Perennialism settled upon the idea that one must cultivate both exoteric and esoteric observance. It insists that one must have one of the major religious traditions as one's exoteric practice and that the serious seeker of any exoteric tradition will gradually seek out the esoteric tradition of that religion and discover the unity among the religious traditions.

Schoun himself was convert to Catholicism (from Protestanism) before adopting Sufism as his exoteric disciple. Schoun was a Sufi teacher. He insisted, however, this did not contradict the esoteric truths contain in Catholicism, a major one being the Immaculate (Virgin Mother). Schoun believed that the esotericism captured in the development of Mary Immaculate was a clear manifestation of the esoteric truth the binds all of the great religious traditions. In Schoun's letters, one can find a handful of attestations to this, including one where he famously notes that he feels no divorce from "the Immaculate" and she knew quite well why he had to become a Sufi teacher. Schoun, like Rene Guenon before him, grew disillusioned by what he perceived was a burgeoning metaphysical crisis in Catholicisim, one that was galvanized by the very persons who were in roles which should have functioned to restore a deeper appreciation for metaphysics. Rather, both men saw Catholicism as becoming increasingly anti-metaphysical, such that it could not offer a serious counter to modernity.

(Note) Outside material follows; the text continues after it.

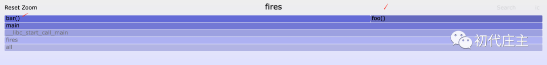 ./flamegraph.pl --color=io --title=fires < /tmp/fires.stack > /tmp/fires.svg3. 由于最终的图片是 svg 格式的,所以用浏览器就能直接看,算比较方便。看 bar 占用 2/3 ,foo 占用 1/3 和我们上面用 excel 画出来的是一个比例。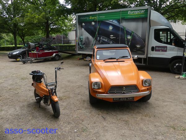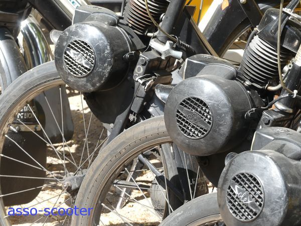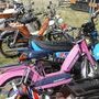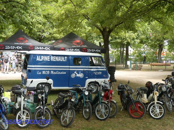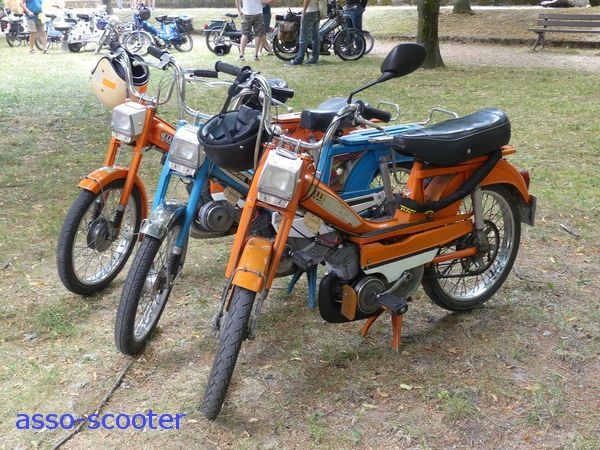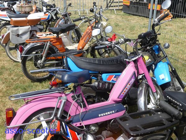 Il y a bien quelques motos, quelques voitures mais elles sont immobiles, en exposition. Les vraies, celles qui roulent sont bleues, oranges, blanches, grises, et s’appellent Motobecane, Peugeot, Solex… Avec elles, pas de records de vitesses, quoique… mais une vie pleine de charme, de lenteur et de douceur de vivre.

Traditional Christianity will fault Schoun, much as the article I linked to does, for the bold contradiction that seems to appear in his writings. Christainity claims that Jesus and Jesus alone is God Incarnate. Therefore, there is no unity among religions. Again, we have to point out the Schoun, despite contemporary traditionalists finding much food for thought in his writings, is never really teaching, writing, or arguing within Christian categories. Schoun, and I may be mistaken, considers the Incarnation to constitute part of the exoteric aspect of Christianity. While it is important to understand the Incarnation so one can successfully practice an exoteric tradition, Schoun would not necessarily take the Incarnation up into this idea of universal esoteric truth that is independent of cultural specifications.

With the above in mind, I have to fault Custinger. To force Schoun into the category of a Christian author, thinker, or theologian does a disservice to both Christianity and Perennialism. Schoun appreciated Christianity for what he identified as the great esoteric truths revealed in the religion, truths which were united to similar esoteric truths derived from other religions. As noted above, Perennialism, for all of its rejection of modernity, is a decidedly modernist impulse. It fundamentally embraced one of the early modernist critiques of religion (especially Christianity), namely the number of clear parallels between religions which were taken to argue against any particular claims for a divine revelation. Perennialism not only accepts these parallels, it embraces them as proofs of a primordial revelation from which all religions are derived. Perennialists are themselves the practitioners of the very modern discipline of comparative religious/cultural studies, only they go one step further by claiming that the data drawn from such study yields important clues into the nature of God, soul, spirit and reality itself.

It is against this backdrop of having identified a mystical unifier among all the religious traditions that Perennialism justifies its rejection of modernity. Modernity's crime is its determination to streamline, flatten and thoroughly nominalize reality to the extent these esoteric truths are either unrecognizable or mercilessly oppressed.